**Extracted records**
+++

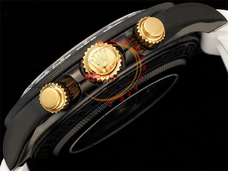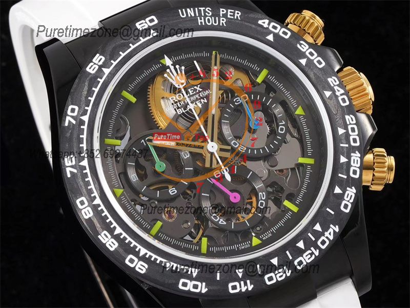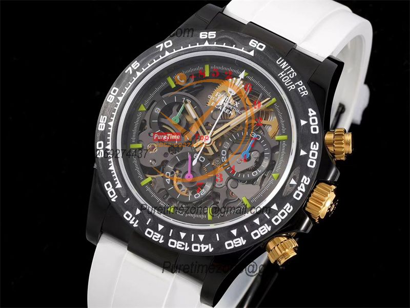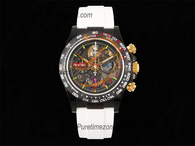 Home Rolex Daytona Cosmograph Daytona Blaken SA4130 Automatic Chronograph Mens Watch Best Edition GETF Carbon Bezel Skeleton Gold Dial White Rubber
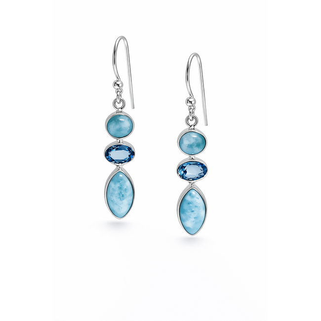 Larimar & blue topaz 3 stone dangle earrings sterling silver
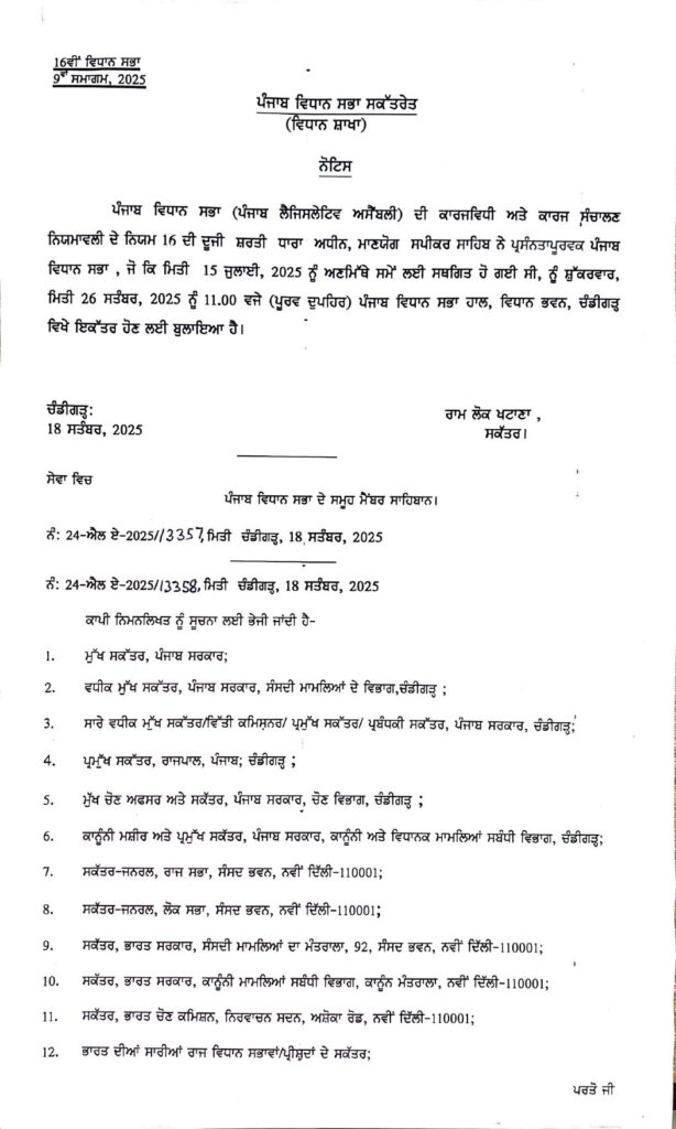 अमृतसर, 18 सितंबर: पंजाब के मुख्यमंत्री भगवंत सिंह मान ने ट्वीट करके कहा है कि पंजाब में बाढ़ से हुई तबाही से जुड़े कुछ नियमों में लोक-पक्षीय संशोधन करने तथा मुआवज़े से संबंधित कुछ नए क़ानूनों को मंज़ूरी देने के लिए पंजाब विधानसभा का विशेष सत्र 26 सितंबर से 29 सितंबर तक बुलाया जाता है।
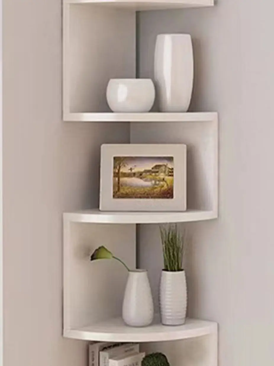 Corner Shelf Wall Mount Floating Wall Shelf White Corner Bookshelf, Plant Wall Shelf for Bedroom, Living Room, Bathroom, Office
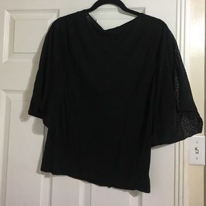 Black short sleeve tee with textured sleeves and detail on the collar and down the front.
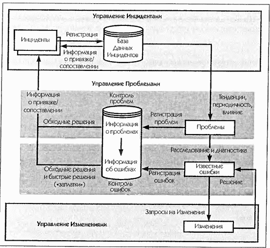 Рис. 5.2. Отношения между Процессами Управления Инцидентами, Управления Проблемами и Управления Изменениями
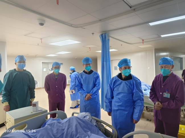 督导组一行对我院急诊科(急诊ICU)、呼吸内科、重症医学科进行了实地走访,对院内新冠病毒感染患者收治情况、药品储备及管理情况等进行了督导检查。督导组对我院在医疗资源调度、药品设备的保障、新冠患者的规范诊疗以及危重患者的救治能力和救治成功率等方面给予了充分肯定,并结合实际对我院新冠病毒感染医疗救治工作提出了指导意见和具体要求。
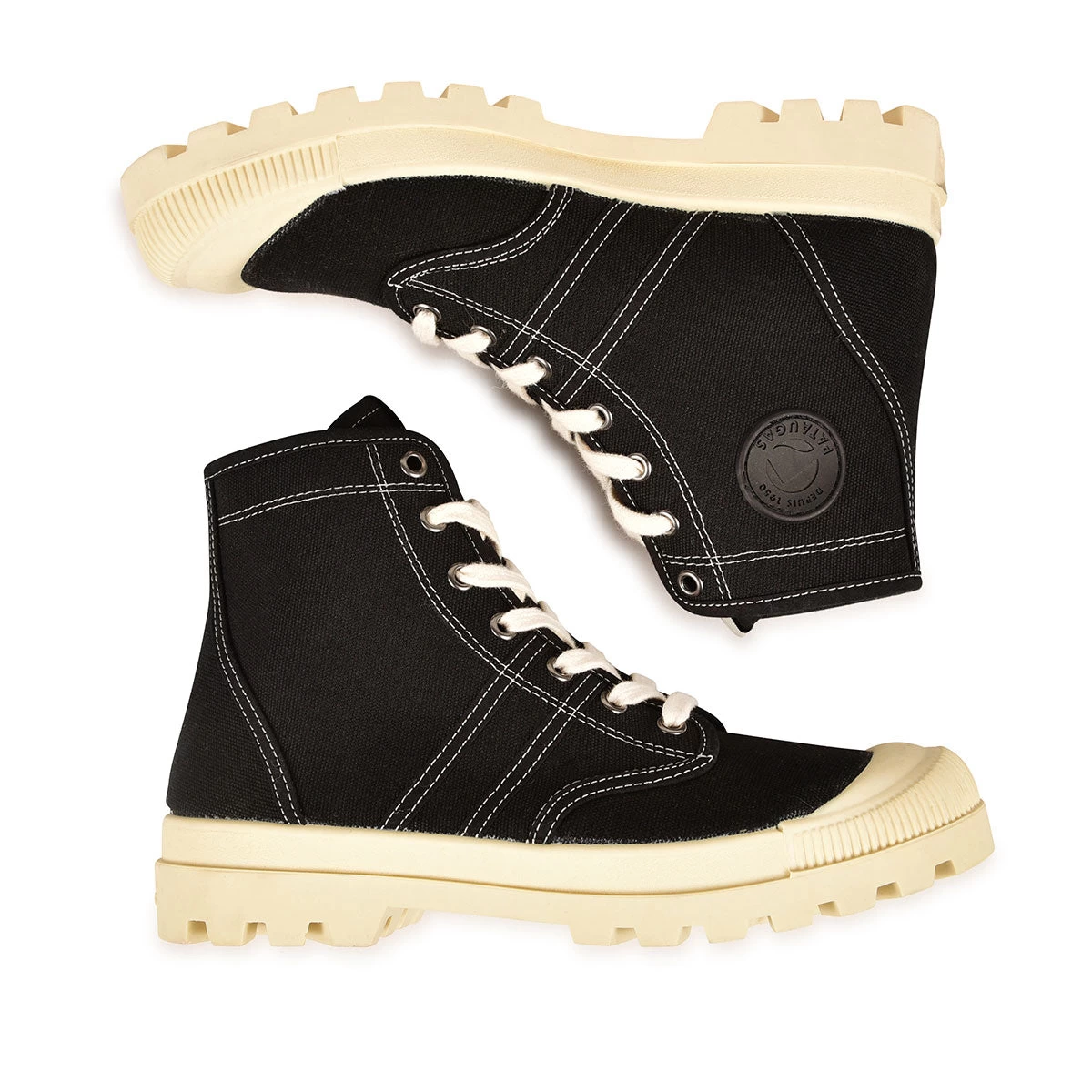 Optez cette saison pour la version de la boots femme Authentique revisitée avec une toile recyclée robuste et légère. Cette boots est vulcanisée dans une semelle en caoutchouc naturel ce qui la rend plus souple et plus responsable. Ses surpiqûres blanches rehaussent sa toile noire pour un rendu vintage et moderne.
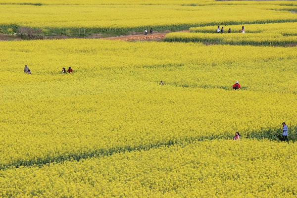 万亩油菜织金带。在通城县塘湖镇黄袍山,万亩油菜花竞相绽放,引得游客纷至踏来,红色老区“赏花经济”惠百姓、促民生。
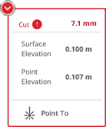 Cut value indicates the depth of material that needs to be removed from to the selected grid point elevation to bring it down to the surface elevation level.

+++

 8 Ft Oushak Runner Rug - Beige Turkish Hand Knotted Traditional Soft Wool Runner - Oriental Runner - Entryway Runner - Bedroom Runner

+++

**Your objective**
Return, exactly as they stand, the lines above from the one with "万亩油菜织金带。在通城县塘湖" to the one with "Cut value indicates", omitting any pictures among them.

**Task result**
 万亩油菜织金带。在通城县塘湖镇黄袍山,万亩油菜花竞相绽放,引得游客纷至踏来,红色老区“赏花经济”惠百姓、促民生。
 Cut value indicates the depth of material that needs to be removed from to the selected grid point elevation to bring it down to the surface elevation level.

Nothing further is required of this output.